**Task instructions**
Print word for word whatever lies between the first line of the material and the line holding "Milwaukee 2470-21 M12", both included, and omit all pictures.

**The data**
----
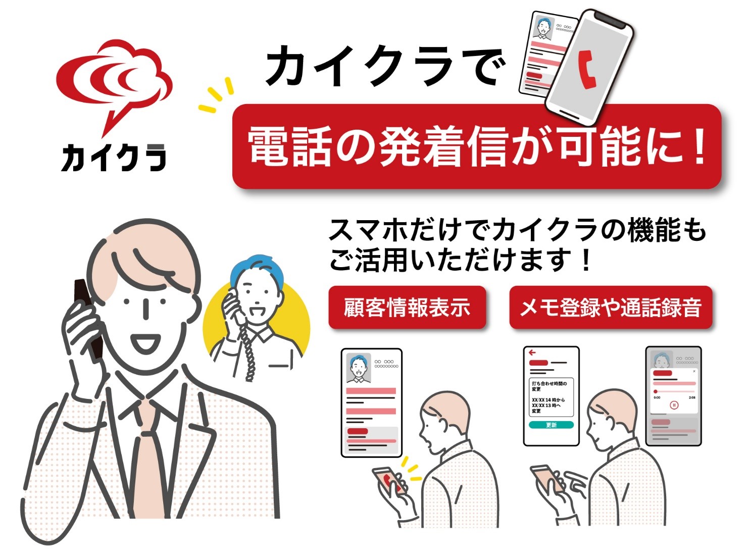 『カイクラフォン』は、固定電話がなくともスマホアプリ上から外線/内線の発着信や着信時の顧客情報表示、メモ管理、通話録音を行うことができます。また、CTIアダプタを設置する必要がないため、工事も不要ですぐに利用することが可能です。
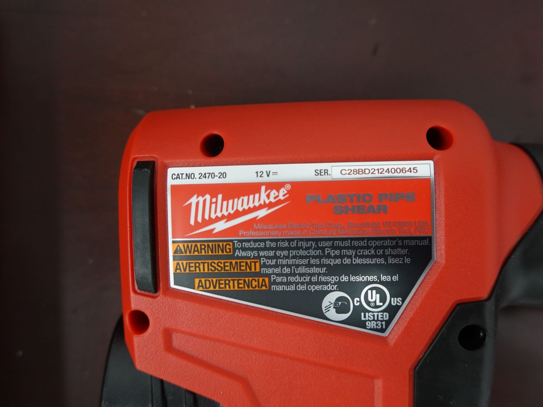 Milwaukee 2470-21 M12 Cordless PVC Plastic Pipe Shear Kit w/ Charger in Hard Case
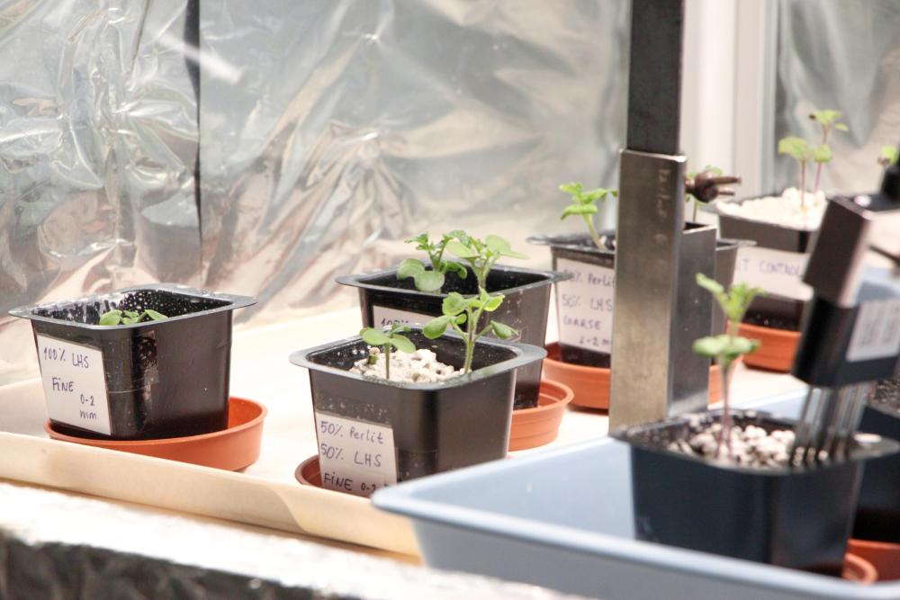 A program egy korábbi szakaszában meglátogattuk a laboratóriumot, ahol a kutatók be is mutatták a kamrában növekvő hajtásokat - közülük mindegyik más-más arányban kevert simulant/virágföld mixben éldegélt, volt amelyik nagyobb arányban (50%-ban) kapott valódi földet, de volt olyan is, amelyik 90-10%-os arányú simulant/virágföld keverékben fejlődött ki. Ez utóbbi éppen egy mustárnövényke volt. A laborban többféle simulanttal dolgoznak, az LHS-1 (Lunar Highland Soil) segítségével a Hold felföldjeit, az LMS-1-el (Lunar Mare Soil) a holdtengerek egyenletesebb talaját szimulálják, emellett használnak a marsi talajt imitáló anyagokat is, az MGS-1-et és a JEZ 1-et, előbbi a Rocknest homokfolt, utóbbi a Jezero-kráter környékének ásványi összetételét jeleníti meg. A kísérlet későbbi fázisában már a 100%-os LHS-be és a perlit/simulant keverékbe ültetett mustárok is kihajtottak.
----
**Result of this task**
 『カイクラフォン』は、固定電話がなくともスマホアプリ上から外線/内線の発着信や着信時の顧客情報表示、メモ管理、通話録音を行うことができます。また、CTIアダプタを設置する必要がないため、工事も不要ですぐに利用することが可能です。
 Milwaukee 2470-21 M12 Cordless PVC Plastic Pipe Shear Kit w/ Charger in Hard Case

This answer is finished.